By Newton’s first law, an object in motion with zero net force continues to move with constant velocity. So the box neither speeds up nor slows down.
If no net force acts, acceleration is zero, so there are only two possibilities: the object is at rest, or it moves with constant velocity.
- At rest: position stays the same → position–time graph is a horizontal line; velocity is zero → velocity–time graph lies along the time axis.
- Constant velocity: position increases uniformly → position–time graph is a straight inclined line; velocity is unchanging → velocity–time graph is a horizontal line above the axis.
- Find total mass$m = 10 + 10 + 10 = 30\ \text{kg}$
- Weight (downward gravitational force)$F = mg = 30 \times 9.8 = 294\ \text{N}$ (downwards)
- Apply Newton’s first lawTo keep it steady (net force = 0), she must push up with a force equal to the weight.
(i) Push = 50 N. The applied force exactly equals friction (50 N), so the forces are balanced and the net force is zero. The block stays still.
(ii) Push = 55 N.
- Net force$F_{net} = 55 – 50 = 5\ \text{N}$ (forward)
- Acceleration (Newton’s 2nd law)$a = \dfrac{F}{m} = \dfrac{5}{25} = 0.2\ \text{m s}^{-2}$
- Displacement in 2 sUsing $s = ut + \tfrac{1}{2}at^2$ with $u=0$:
$s = 0 + \tfrac{1}{2}\times 0.2 \times (2)^2 = 0.4\ \text{m}$
(i) 0–5 s — line slopes up, so constant acceleration with $u=0$, $v=10\ \text{m s}^{-1}$, $t=5\ \text{s}$:
- Acceleration$v = u + at \Rightarrow 10 = 0 + a(5) \Rightarrow a = 2\ \text{m s}^{-2}$
- Force$F = ma = 1500 \times 2 = 3000\ \text{N}$ towards the east
(ii) 5–10 s — line is parallel to the time axis ⇒ constant velocity ⇒ $a=0$ ⇒ F = 0 (no force).
(iii) 10–15 s — line slopes down, with $u=10$, $v=0$, $t=5\ \text{s}$:
- Acceleration$0 = 10 + a(5) \Rightarrow a = -2\ \text{m s}^{-2}$
- Force$F = 1500 \times (-2) = -3000\ \text{N}$
The forces on the two are equal in magnitude.
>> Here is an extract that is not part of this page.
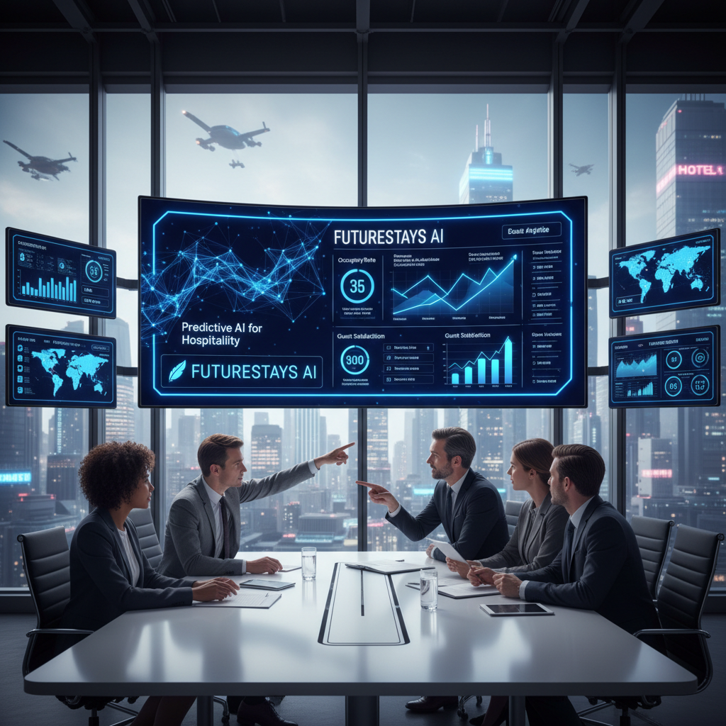 Image: Data analyst examining futurestays.ai dashboard for hotel occupancy analytics in a modern office.

But the resulting acceleration depends on mass, since $a = \dfrac{F}{m}$.
The Earth’s mass is enormous compared with the fruit, so for the same force its acceleration is extremely tiny — far too small to notice. The fruit, being very light, gets a large acceleration and visibly falls.
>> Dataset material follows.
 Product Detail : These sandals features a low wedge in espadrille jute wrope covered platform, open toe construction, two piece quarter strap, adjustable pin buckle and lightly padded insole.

By Newton’s third law, the recoil force on the gun is also 2 N.
- Acceleration of the gun$a_{gun} = \dfrac{F}{m_{gun}} = \dfrac{2}{5} = 0.4\ \text{m s}^{-2}$
- Acceleration of the bullet$a_{bullet} = \dfrac{F}{m_{bullet}} = \dfrac{2}{0.1} = 20\ \text{m s}^{-2}$
The forces are equal, but the bullet (smaller mass) accelerates far more than the gun.
In-Text Questions
“Pause and Ponder” questions appearing within the chapter.
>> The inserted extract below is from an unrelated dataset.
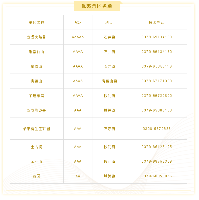 活動(dòng)內(nèi)容: 嵩縣和瀍河區(qū)市民(憑身份證)免門票游覽龍?zhí)洞髰{谷景區(qū)、荊紫仙山景區(qū)在內(nèi)的新安縣所有A級(jí)景區(qū)(需購(gòu)買5元保險(xiǎn))

Two forces act on the barbell:
- The gravitational force (weight) of the barbell, acting downward.
- The upward force applied by the weightlifter through her hands.
When the barbell is held steady, it is at rest (zero acceleration), so the net force on it must be zero. Hence the two forces are equal in magnitude and opposite in direction.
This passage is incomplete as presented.